**Problem to solve:**
Leave the pictures out, and repeat exactly every line from the one with "Robotics》上在线发表了评论《Combating COVID-19—The role" through the end of the data below.
Start of Given information
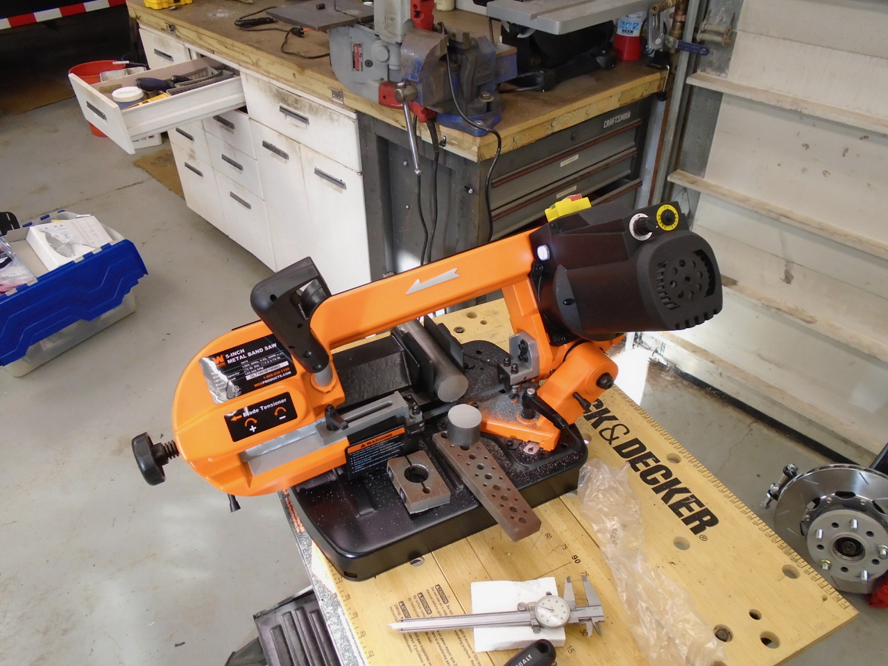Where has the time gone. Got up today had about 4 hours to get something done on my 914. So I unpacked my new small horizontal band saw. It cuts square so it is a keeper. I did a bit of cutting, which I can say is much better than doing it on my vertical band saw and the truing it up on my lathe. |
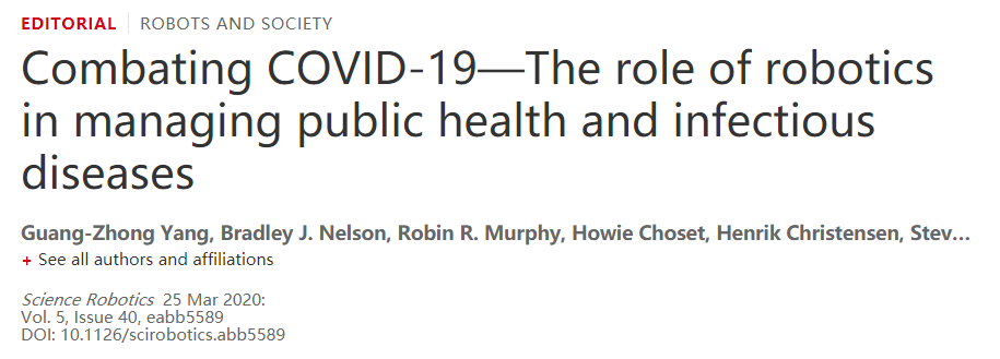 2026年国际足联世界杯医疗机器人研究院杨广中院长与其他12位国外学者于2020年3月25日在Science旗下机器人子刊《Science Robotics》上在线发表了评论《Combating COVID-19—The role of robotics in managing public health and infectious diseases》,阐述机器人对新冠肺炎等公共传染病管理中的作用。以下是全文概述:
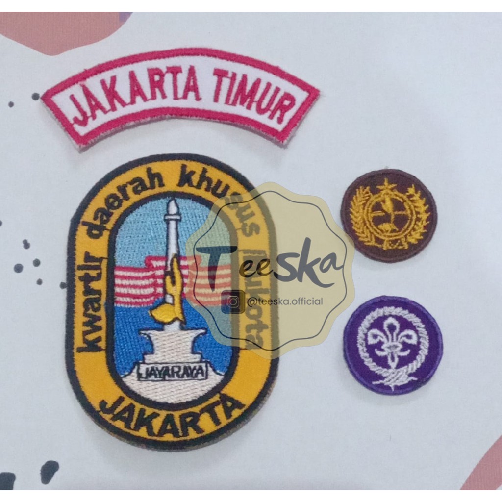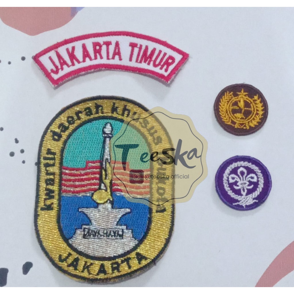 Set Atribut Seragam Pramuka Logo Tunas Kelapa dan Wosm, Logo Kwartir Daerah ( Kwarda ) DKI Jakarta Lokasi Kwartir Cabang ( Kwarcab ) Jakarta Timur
End of Given information
**Solution to this task:**
 2026年国际足联世界杯医疗机器人研究院杨广中院长与其他12位国外学者于2020年3月25日在Science旗下机器人子刊《Science Robotics》上在线发表了评论《Combating COVID-19—The role of robotics in managing public health and infectious diseases》,阐述机器人对新冠肺炎等公共传染病管理中的作用。以下是全文概述:
 Set Atribut Seragam Pramuka Logo Tunas Kelapa dan Wosm, Logo Kwartir Daerah ( Kwarda ) DKI Jakarta Lokasi Kwartir Cabang ( Kwarcab ) Jakarta Timur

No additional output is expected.